Etudiant : « Ce que la communauté de Boğaziçi veut ; c’est l’environnement éducatif libre et indépendant qui n’est pas interrompu, c’est que les recteurs fiduciaires quittent par une décision présidentielle avec lesquelles ils sont venus et que l’université choisisse son propre recteur. Nous voulons que nos amis qui ont été arrêtés pendant les manifestations soient libérés, que les associations et organisations qui ont été bloqués à cause des administrateurs soient rendus aux étudiant.e.s, en particulier l’association de LGBTI+. Nous voulons que la police ne reste plus dans notre université, même à la porte d’entrée. Nous ne voulons pas le non-sens de l’enseignement en ligne que les étudiant.e.s préparatoires vivent à cause de l’administration actuelle. Ce qu’on veut, c’est l’utilisation correcte des ressources de l’université ; c’est que nos professeurs qui sont interdits d’entrer à la fac, dont les cours sont annulés et qui n’ont plus le droit de parler, reçoivent le respect qu’ils méritent. Nous voulons le retrait du gouvernement actuel et son régime fasciste et oppresseur, la résolution des problemes de logement de nos amis, et la création d’une université autonome. »

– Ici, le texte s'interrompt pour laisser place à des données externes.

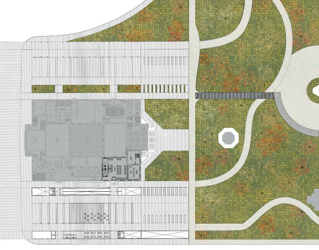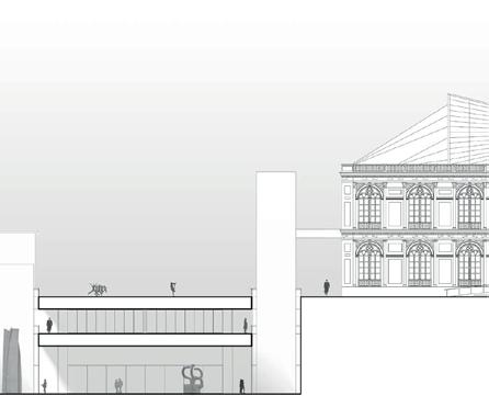 En el caso de la plaza oeste, concurso, se propone dos chada. La primera franja junto para iluminación y ventilación para conexiones verticales y la ampliación del museo franja junto a la Avenida Garcilazo bre con una pérgola, que sirve almacén, además incorpora rada del metro. Está pérgola calle y la plaza propuesta y dad a la plaza y actuar como paso de vehículos.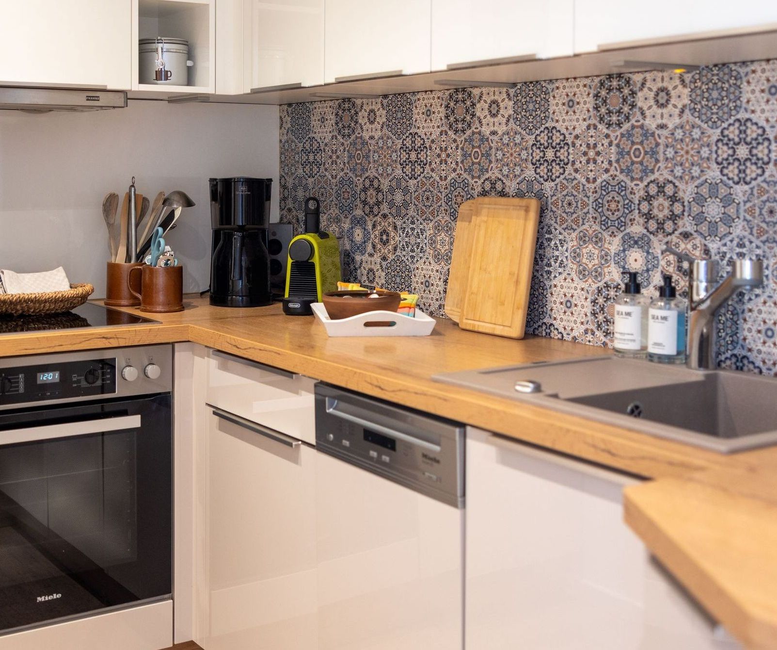 Die helle Küche ist zum Kochen umfangreich bestückt und mit Qualitätsgeräten von Miele ausgestattet.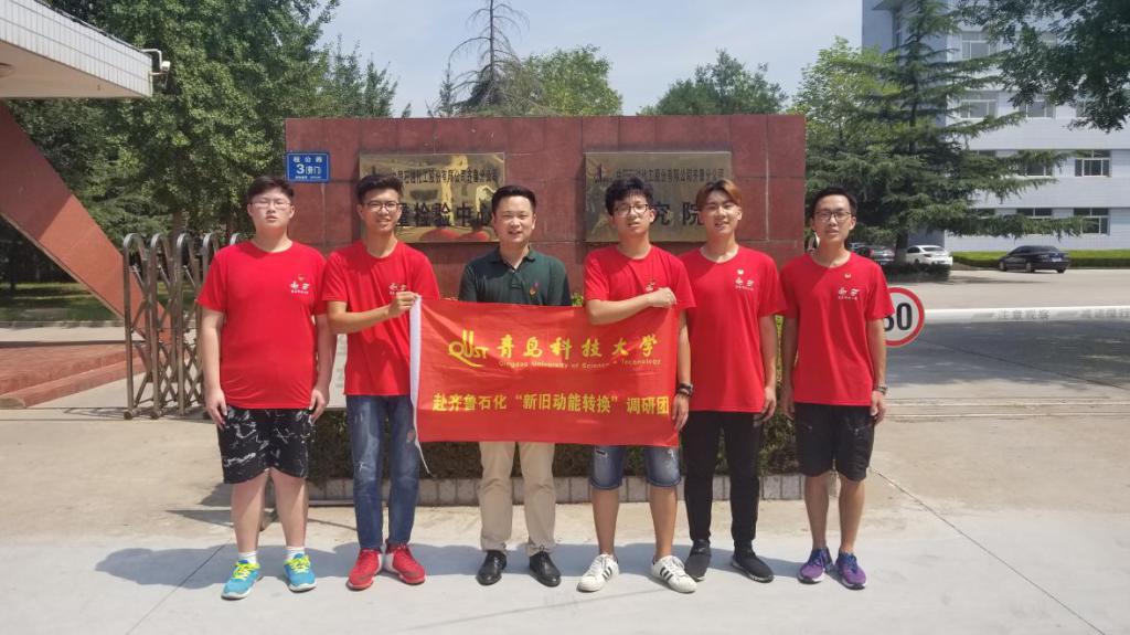 7月20日上午,青岛科技大学赴齐鲁石化“新旧动能转换”调研团在指导老师刘海波的带领下到达齐鲁石化研究院,在齐鲁石化研究院门前刘海波为调研团队员举行佩戴团徽仪式。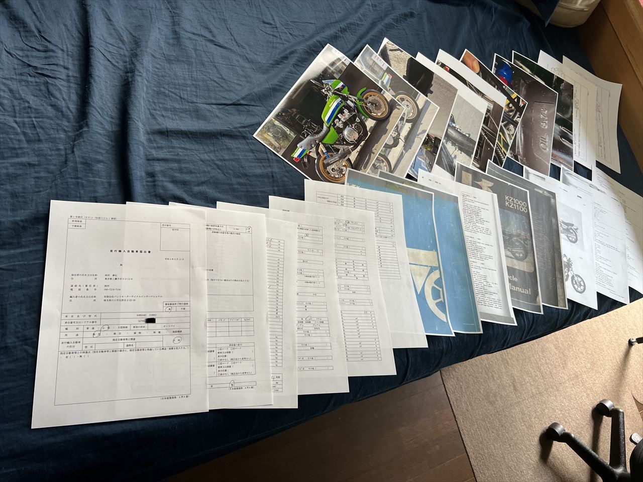 新規輸入の車両なので、登録の前に書類審査が必要です。用意した書類はこちら。「並行輸入自動車届出書」とその添付資料の数々です。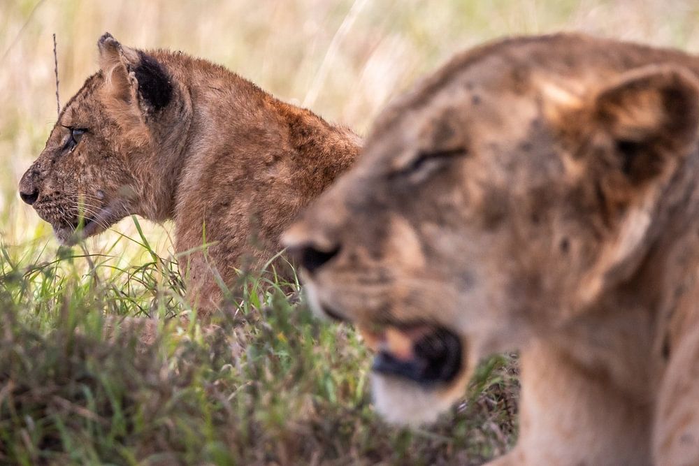 In the end, I succeeded well in capturing exactly this unique atmosphere of wild animals. Here you see a lion cub behind the mother

Manifestations à Kadıköy, 2 Février 2021.
Le président Erdogan vous a traité de terroriste. Quels sont vos commentaires sur ce sujet ?
Etudiant : « À ce stade, je ne pense pas que le président Erdoğan, les politiciens pro-erdoğan et les médias pro-erdoğan puissent imaginer à quel point ils sont tombés bas et triste en attribuant ces adjectifs et d’autres similaires aux étudiants les plus précieux de l’université la plus précieuse du pays. Il est inacceptable de ne pas essayer de comprendre et de marginaliser les membres d’une université qui a élevé les personnes les plus précieuses du pays depuis sa fondation, où chaque mère fait de son mieux pour envoyer son enfant. Essayer de retourner nos policiers, procureurs et juges autour de qui nous devons nous sentir en sécurité contre nous, de les faires confronter avec les étudiant.e.s, de les faires taire est une phénomène que chacun devrait juger sur sa conscience. Je pense que c’est l’une des plus grandes responsabilités de l’État pour la Turquie de ne pas perdre de telles valeurs mais de les protéger. »
L’entretien est préparé de la manière anonyme car une opposition au régime Erdoğan peut se terminer par une peine de prison. Depuis le début des manifestations, des dizaines d’étudiant.e.s ont été arrêtés. Deux étudiants, Berke et Perit, sont toujours en détention.
Qu’est-ce qui s’est passé au début des manifestations ?
Le gouverneur d’Istanbul, Ali Yerlikaya, et des gouverneurs des districts ont interdit les manifestations dans les quartiers de Beşiktaş et Sarıyer sous le prétexte de COVID-19. Les manifestations devaient alors avoir lieu à Kadıköy en raison de cette décision. Cependant, les étudiant.e.s n’étaient pas accepté aux ferrys, ils ont été descendus des bus par la police. Un officier de police a ordonné les détenus agressivement de ne pas soutenir le regard. En réponse, le mouvement étudiant a pris position contre les tortures psychologiques et physiques auxquelles ils ont été soumis, avec le slogan « Nous n’allons pas baisser les yeux ».
Les universitaires protestant contre les arrestations, écrit sur la bannière « Nous ne baissons pas les yeux, nous n’acceptons pas, nous n’abandonnons pas. », 3 Février 2021.
Les équipes des Forces Spéciales d’Interventions de la police (PÖH) faisant une descente dans les maisons où vivent les étudiants “terroristes”, selon le président du pays, afin d’empêcher la manifestation, 6 Janvier 2021.